## DATA BELOW
━━━━━━━━
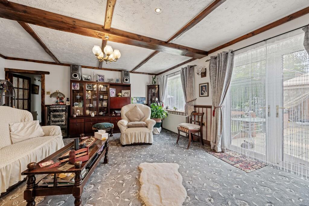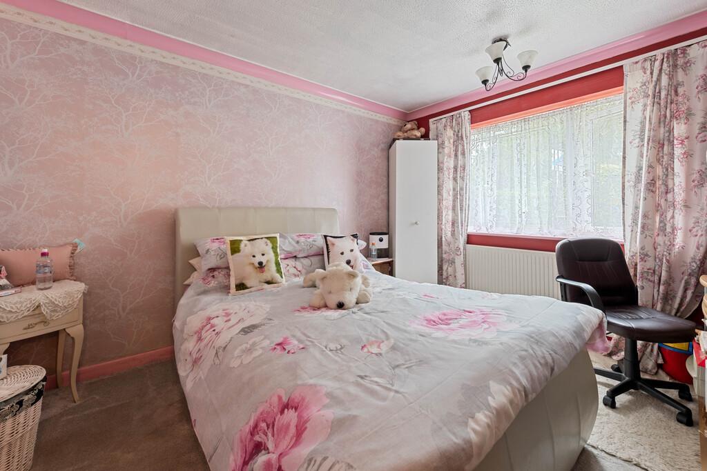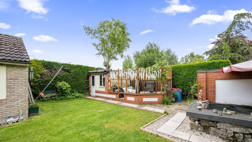 Outside the rear garden features a patio overlooking an enclosed L-shaped lawn bordered by mature shrubs and plants along with a detached workshop. At the front, a private driveway offers off-road parking and leads to the adjoining garage, while the front garden, primarily laid to lawn, is enclosed by a mature hedge.
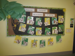 This is a project I send home at Parent Orientation. At first there are just generic monkey die cuts hanging from the twine clotheslines. Then as the parents submit their palm trees and on the first day of school the students complete their monkeys they get put on paper together. The parents write on the trunk of their palm tree 3-4 things they love about their First Grader. They turn out fantastic.
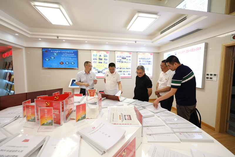 上午11:20分,趙礦長(zhǎng)一行參觀了4樓走廊文化建設(shè)、電梯文化建設(shè)、“家事國(guó)事天下事”“歷史上的今天”等黨建文化陣地,來(lái)到4樓黨群文化中心,公司黨委書(shū)記、總經(jīng)理李旭東向趙礦長(zhǎng)一行詳細(xì)介紹了公司黨建工作基本情況和8個(gè)組織各自的特色亮點(diǎn)工作,介紹了公司各支部、各部門(mén)近期開(kāi)展的“統(tǒng)籌疫情防控、生產(chǎn)經(jīng)營(yíng)和黨的建設(shè)懇談活動(dòng)”等情況。公司黨委近年來(lái)深入學(xué)習(xí)宣傳貫徹習(xí)近平新時(shí)代中國(guó)特色社會(huì)主義思想融入日常、抓在經(jīng)常,并通過(guò)學(xué)習(xí)《習(xí)近平新時(shí)代中國(guó)特色社會(huì)主義思想學(xué)習(xí)綱要》《習(xí)近平關(guān)于“不忘初心、牢記使命”重要論述選編》等書(shū)籍、黨員人人背誦“黨的基礎(chǔ)知識(shí)14項(xiàng)”、30歲以下青年員工每天堅(jiān)持書(shū)法練習(xí)等方式,增強(qiáng)“四個(gè)意識(shí)”,堅(jiān)定“四個(gè)自信”,做到“兩個(gè)維護(hù)”,更好地促進(jìn)了企業(yè)發(fā)展。
━━━━━━━━
## WORK ORDER
Make an exact printout of the listing above, omitting the images.

## ANSWER BOX
 Outside the rear garden features a patio overlooking an enclosed L-shaped lawn bordered by mature shrubs and plants along with a detached workshop. At the front, a private driveway offers off-road parking and leads to the adjoining garage, while the front garden, primarily laid to lawn, is enclosed by a mature hedge.
 This is a project I send home at Parent Orientation. At first there are just generic monkey die cuts hanging from the twine clotheslines. Then as the parents submit their palm trees and on the first day of school the students complete their monkeys they get put on paper together. The parents write on the trunk of their palm tree 3-4 things they love about their First Grader. They turn out fantastic.
 上午11:20分,趙礦長(zhǎng)一行參觀了4樓走廊文化建設(shè)、電梯文化建設(shè)、“家事國(guó)事天下事”“歷史上的今天”等黨建文化陣地,來(lái)到4樓黨群文化中心,公司黨委書(shū)記、總經(jīng)理李旭東向趙礦長(zhǎng)一行詳細(xì)介紹了公司黨建工作基本情況和8個(gè)組織各自的特色亮點(diǎn)工作,介紹了公司各支部、各部門(mén)近期開(kāi)展的“統(tǒng)籌疫情防控、生產(chǎn)經(jīng)營(yíng)和黨的建設(shè)懇談活動(dòng)”等情況。公司黨委近年來(lái)深入學(xué)習(xí)宣傳貫徹習(xí)近平新時(shí)代中國(guó)特色社會(huì)主義思想融入日常、抓在經(jīng)常,并通過(guò)學(xué)習(xí)《習(xí)近平新時(shí)代中國(guó)特色社會(huì)主義思想學(xué)習(xí)綱要》《習(xí)近平關(guān)于“不忘初心、牢記使命”重要論述選編》等書(shū)籍、黨員人人背誦“黨的基礎(chǔ)知識(shí)14項(xiàng)”、30歲以下青年員工每天堅(jiān)持書(shū)法練習(xí)等方式,增強(qiáng)“四個(gè)意識(shí)”,堅(jiān)定“四個(gè)自信”,做到“兩個(gè)維護(hù)”,更好地促進(jìn)了企業(yè)發(fā)展。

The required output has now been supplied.